Chapter Fifteen #2

“I had reason to suspect that Mr. Enfield might have kept some compromising correspondence,” Miss Shinagh said. “You understand, I expect, why I might not want it discovered. And yes, before you ask, I burned what I found. So, if that’s all?”

“Just one more thing,” Van Helsing said. “It rained the night the Viscount and the Duke were taken, but the camera you found is made of glorified cardboard. Which means you didn’t happen to come across it the next morning, hours after the fact—you were there, weren’t you?”

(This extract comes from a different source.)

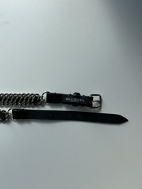 Rare piece from Balmain’s Autumn Winter 2009 collection under Christophe Decarnin. Features a polished silver curb chain interwoven with black calfskin leather, finished with an adjustable leather strap and buckle closure. As seen in the lookbook and campaign. this belt captures the bold, rock & punk infused aesthetic that defined Decarnin’s era. Made in France. Size: One Size Total length 40,5 inches / 103 cm Perfect condition
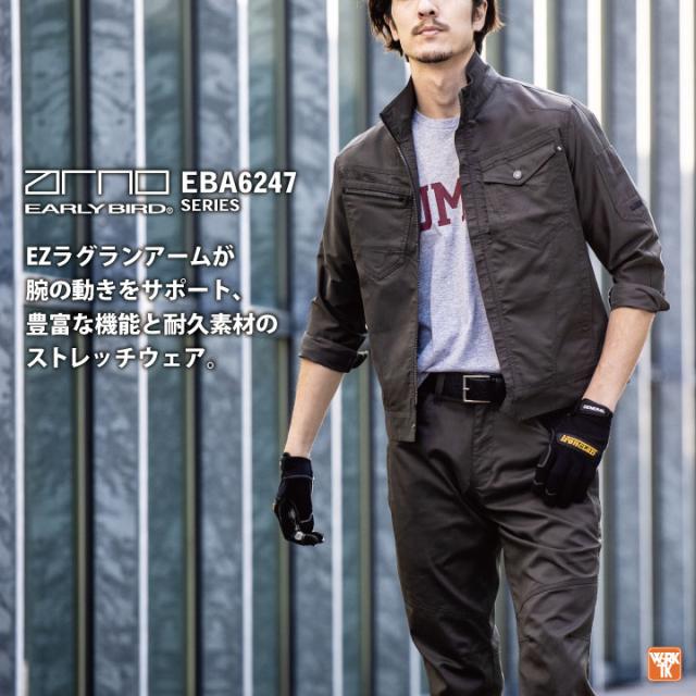 ビッグボーン 春夏 ストレッチ ジャケット 長袖 ジャンパー ブルゾン 作業着 作業服 メンズ レディース 国産素材 冷感 帯電防止 大きいサイズ アーリーバード bb-eba6247

He was right. Sam’s fingernail slid beneath the splitting cardboard of the box camera, swollen just from the spray while crossing the Liffey. A whole night in heavy rain and it would have disintegrated utterly. Certainly the film wouldn’t have been useable.

It occurred to Sam that she’d been dangerously underestimating Van Helsing. He didn’t always confess what he’d uncovered; he waited to see what you would do first.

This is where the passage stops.